Qui sera l’architecte de demain ?

- par Bernard Viret, architecte. Transformons nos métiers !

Le monde de l’architecture est en ébullition depuis quelques mois avec l’arrivée de la loi Macron et de nouvelles pratiques. Des groupes de travail se questionnent sur le devenir de la profession et certains architectes pestent contre la nouvelle concurrence.
Mais rassurons nous, nous ne sommes pas seuls avec les taxis face à cette « uberisation » des métiers restés (trop ?) longtemps figés. Le monde des avocats et des juristes est également en pleine mutation avec l’arrivée de sites qui reconfigurent les prestations pour les rendre simples et abordables par les particuliers et les entrepreneurs. Le Monde en parlait il y a tout juste quelques jours , le sujet est frais.
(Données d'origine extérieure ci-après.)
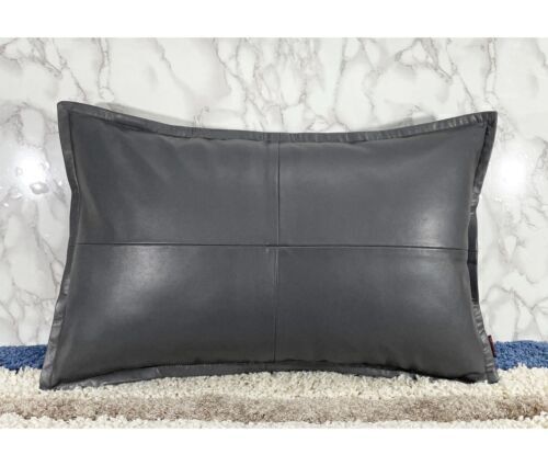 Gray Cushion Pillow Cover Genuine Lambskin Leather Decorative Luxury Home Decor / FS
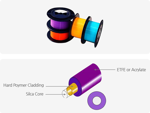 특히, 하드 폴리머 클래딩 섬유(HPCF)는 일반 광섬유에 비해 높은 장력 강도와 수분 저항력을 지니므로 통신, 산업, 근적외선 분광학 등 다양한 분야에서 널리 이용되고 있습니다. 200um~600um의 대구경은 데이터 링크와 커넥터간의 높은 결합성을 제공합니다.
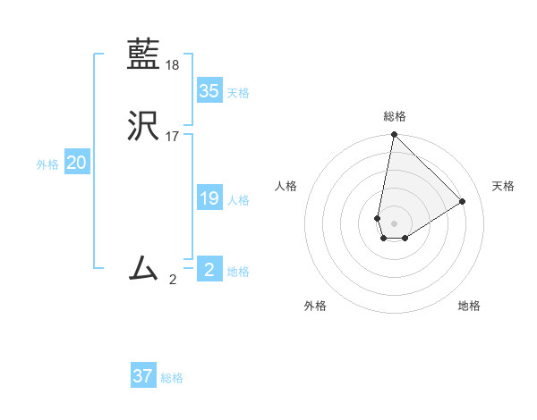 藍沢 ムさんの総格は37画の5点!

Notre premier réflexe en architecture a été de protester et de vouloir changer les lois pour rendre obligatoire l’architecte, forcer les particuliers à nous aimer. Même chose chez les taxis et les juristes.
Est-ce la bonne solution ? Avez-vous recommencé à acheter des DVD et des CD depuis la loi Hadopi ? Avez-vous arrêter le téléphone au volant lorsqu’il n’y a pas de contrôle ?
La loi nous permettra de récupérer quelques clients, obligés, malgré eux, d’apprécier nos goûts atypiques et nos tarifs obscurs. Mais la grande majorité trouvera des chemins de traverse.
Plutôt que d’aller contre le concurrent qui nous emportera, pourquoi ne pas aller avec lui et en profiter pour le devancer ?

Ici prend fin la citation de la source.